Unsurprisingly, the two countries with the highest populations head this list as well, although the difference between the population growth rates of India and China is stark. This is most likely a result of the famous one child policy, which was in place between 1980 and 2016. (https://www.britannica.com/topic/one-child-policy)

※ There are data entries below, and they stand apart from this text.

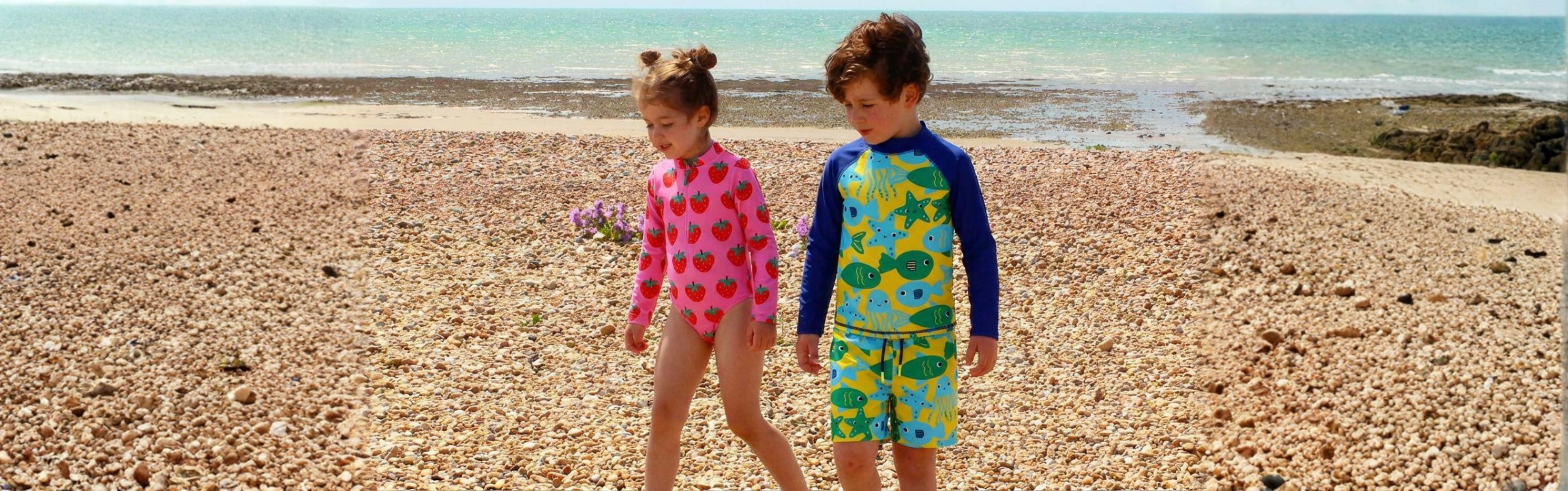 Kinder Badeshirt langarm mit Fisch-Druck, UV-Schutz UPF 50+
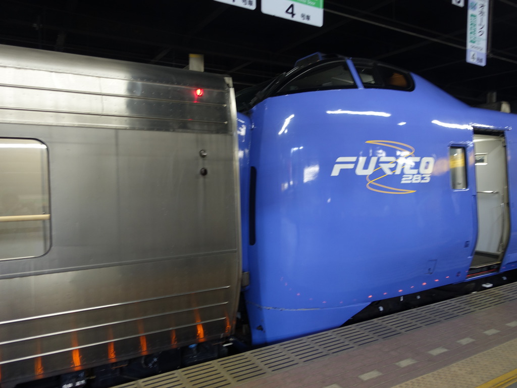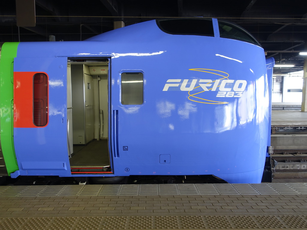 [해당열차가 입선하였습니다. 283계의 로고입니다. 홋카이도 차량답게 운전대가 높습니다.]
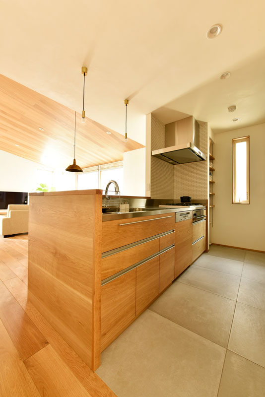 リビングのカウンターも、奥様自らが図面を引いて制作を依頼。
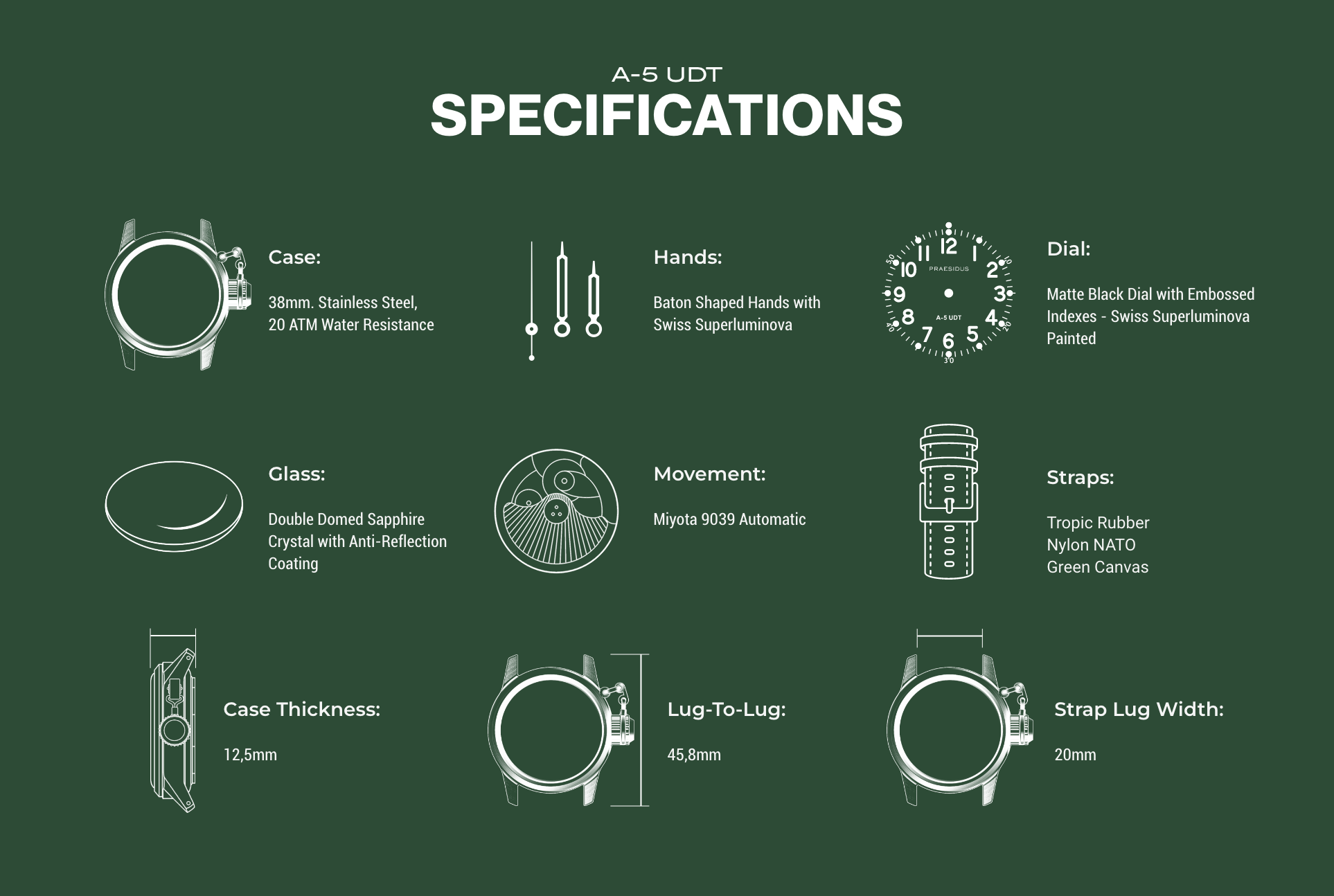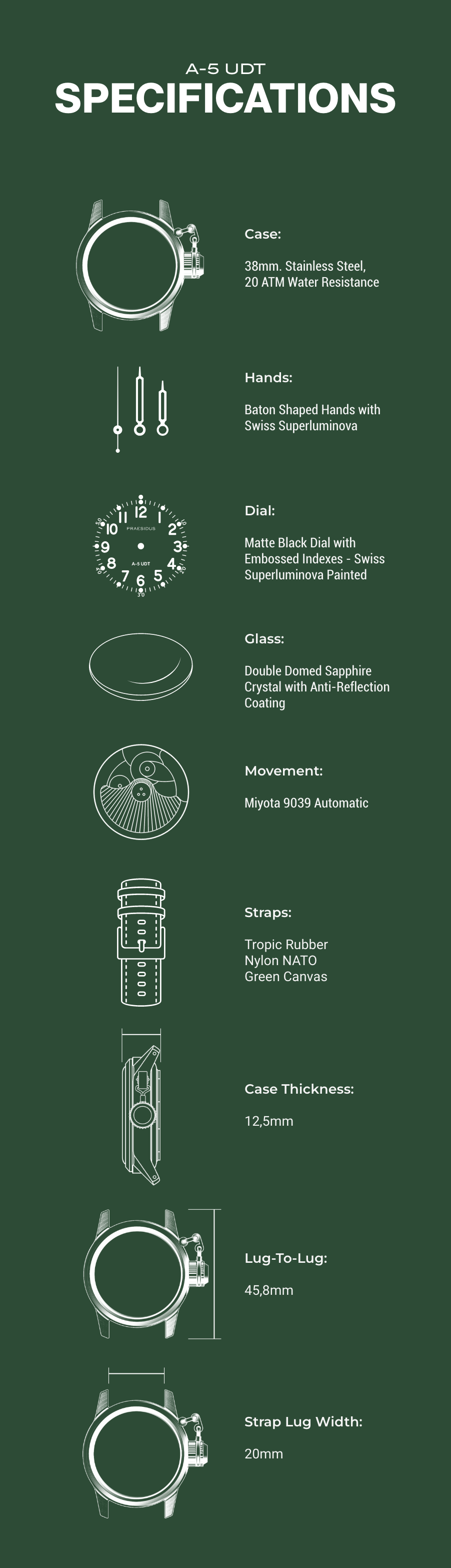 The A-5 UDT was designed to meet an operational need that has existed ever since men could dive: reliable timekeeping underwater. Based off an original USN BUSHIPS design, this dive watch exudes ruggedness with its oversized crown and solid case. During WW2, this system was the only way for Underwater Demolition Teams to safely ensure their watches’ water-resistance during extended dive missions. More than a homage, we’ve truly revived this icon.

Lets also calculate the 'Rate of Natural Population Increase', a measure of the difference between the birth rate and the death rate.

In [45]:
%%sql 
SELECT name, ROUND(birth_rate - death_rate, 2) AS natural_pop_increase
FROM facts
WHERE natural_pop_increase IS NOT NULL
ORDER BY natural_pop_increase DESC
LIMIT 10;

 * sqlite:///factbook.db
Done.


name,natural_pop_increase
Malawi,33.15
Uganda,33.1
Niger,33.03
Burundi,32.74
Mali,32.1
Burkina Faso,30.31
Zambia,29.46
Ethiopia,29.08
South Sudan,28.73
Tanzania,28.39


This measurement returns a very different list of countries (as it takes no account of migration rates etc.). It is a list dominated by African countries (which we expect to have lower GDP/capita). The cause is likely too be the less readily available birth control compared to the wealthier countries. 

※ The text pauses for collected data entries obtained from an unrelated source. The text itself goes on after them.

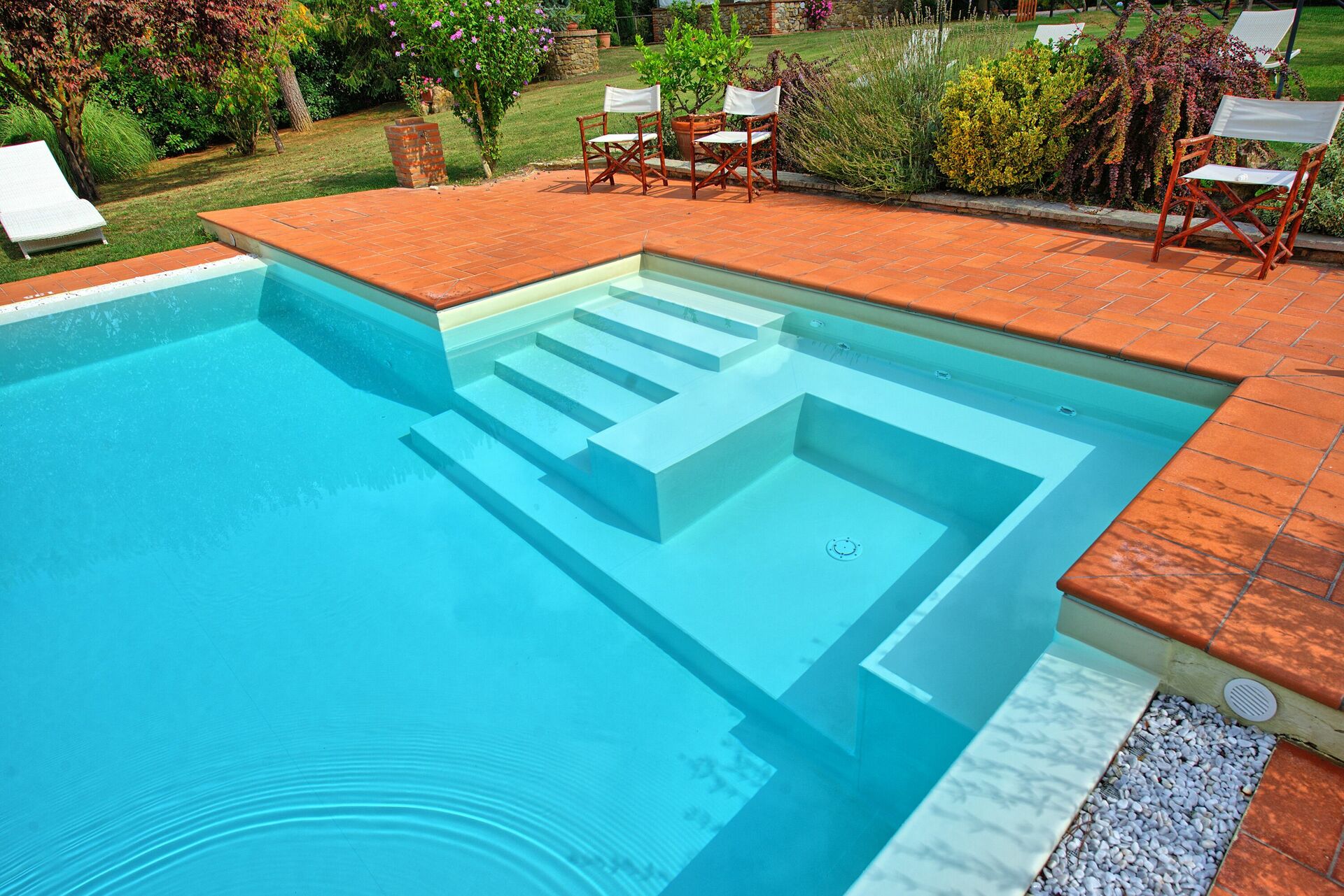 - Privat svømmebasseng reservert for gjestene; 13m x 6m; minste dybde: 1,4m; maksimal dybde: 2,5m
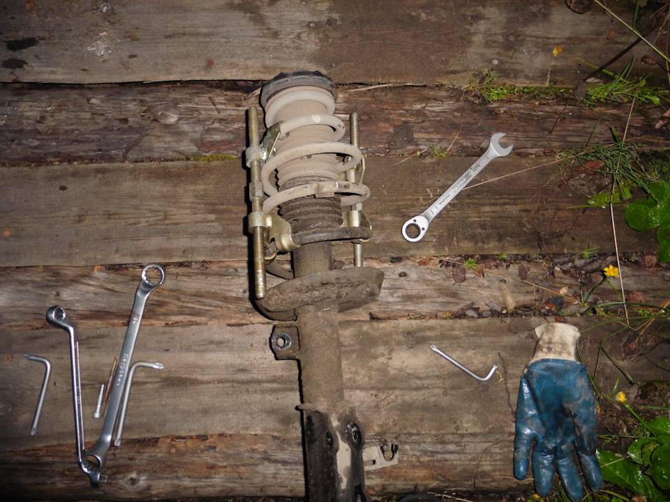 8. После стяжки пружин выкручиваем вторую гайку «на 24» от опорного подшипника и удерживаем шток звёздочкой «на 50»;9. Прокачиваем новый аморт;10. Перекидываем на новый амортизатор пыльник, отбойник и пружину;11. Одеваем опорный подшипник и закручиваем гайку «на 24» удерживая при этом шток звёздочкой уже «на 45»;12. Собираем все в обратной последовательности, за исключением того что верхнюю гайку опоры закручиваем ключом «на 22» и удерживаем звёздочкой «на 45».
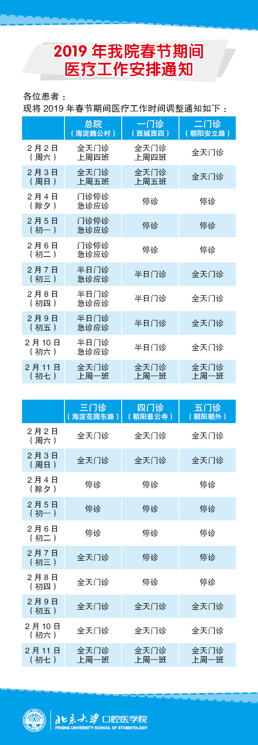 2月 4日(周一,除夕)~2月6日(周三,初二) 节日放假,门诊停诊,急诊应诊
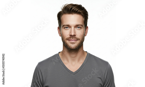 Realistic Man Portrait with Detailed Facial Features Isolated on White Background for Professional Photography

Let's have a look at the other end of the spectrum.

In [46]:
%%sql 
SELECT name, ROUND(birth_rate - death_rate, 2) AS natural_pop_increase
FROM facts
WHERE natural_pop_increase IS NOT NULL
ORDER BY natural_pop_increase
LIMIT 10;

 * sqlite:///factbook.db
Done.


name,natural_pop_increase
Bulgaria,-5.52
Serbia,-4.58
Latvia,-4.31
Lithuania,-4.17
Ukraine,-3.74
Hungary,-3.57
Germany,-2.95
Slovenia,-2.95
Romania,-2.76
Croatia,-2.73


The countries with the lowest 'Rate of Natural Population Increase' seem to be dominated by Eastern European countries. The reason for this precise localisation is difficult to pinpoint, although the increasing number of women that are now choosing to pursue careers into their 30s and beyond may have an underlying factor.